What united father and daughter most was their passion for justice.
"Many of our discussions revolved around the Jewish concept of a
tikkun olam, which means a 'repair of the world,'" writes Horowitz.
Though he pursued that goal from the Right, and Sarah from the Left,
the issues that divided them actually became points of contact: "She
was curious about my history, and I was eager to hear her opinions
and answer her questions. Pursuing these ends, we were able to open
lines of communication that our tangled family narratives had
previously blocked."
The day before she died, Sarah gave an interview to an online journal
about death and dying. She spoke about the recent loss of her aunt,
the pain she experienced, and the wise counsel of her rabbi: "Pay
attention to the ways in which your relationship continues."
That, in essence, is what Horowitz tries to do here, as he expresses
his own grief. Replaying times he may have slighted his daughter, he
pointedly questions himself. A "cracking of the heart" refers to that
moment, reflecting the holiest days of the Jewish calendar, when he
began a personal process of atonement, which continues to this day:
The reflections of a mourner are a relentless accounting, and there
is no bottom line. What words of hers did I fail to understand
when she was still there to explain them to me? What did I miss that
her eyes were telling me when she fell into her silences? Losing
her is too hard, and there is no way to end it.

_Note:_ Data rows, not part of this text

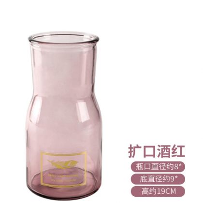 玻璃花瓶-扩口系列四选一 创意玻璃花瓶透明摆件客厅插花富贵竹水养家用北欧干花百合鲜花瓶 卡其
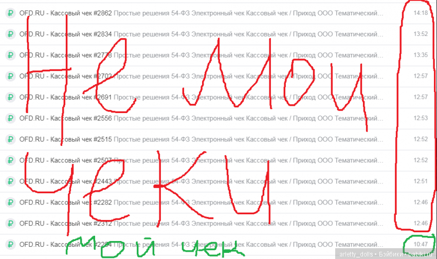 Кто-то ещё получает не свои чеки? В службе поддержки ofd.ru сказали ничем помочь не могут. Меня это беспокоит, т.к. это суммарно не маленькие суммы. Проверять ежеминутно списалили деньги или нет, да и вся ситуация напрягает :-(
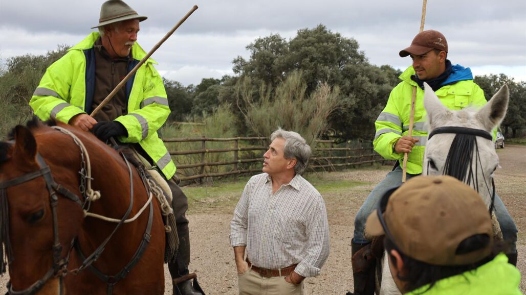 Higuero ha realizado un tramo de la ruta partiendo de las cercanías de Almaraz y finalizando en el descansadero del ganado en las proximidades de Casas de Miravete, compartiendo gran parte de toda la jornada de este lunes junto al ganadero, su familia y los pastores que le acompañan.
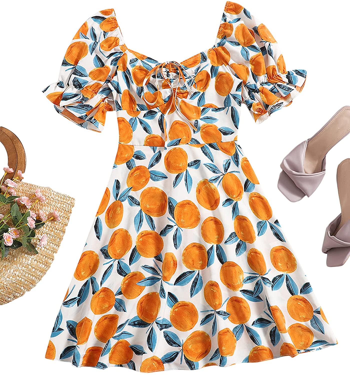 Women's Summer Drawstring Sweetheart Neck Puff Sleeve A Line Short Dress

Horowitz is hard on himself in this book, undoubtedly too hard,
expressing the anguish of a father who wishes he could have done
more, and given more, to a selfless daughter. But he should take
heart. If it is true that the apple does not fall far from the tree,
then Sarah's inspiring life was not an accident, and her father
deserves much credit for raising such a wonderful child.
By telling her story, combined with his own, Horowitz reminds us how
love can always conquer politics; and how a love that unites can take
us, as Sarah might say, to a "more excellent" place.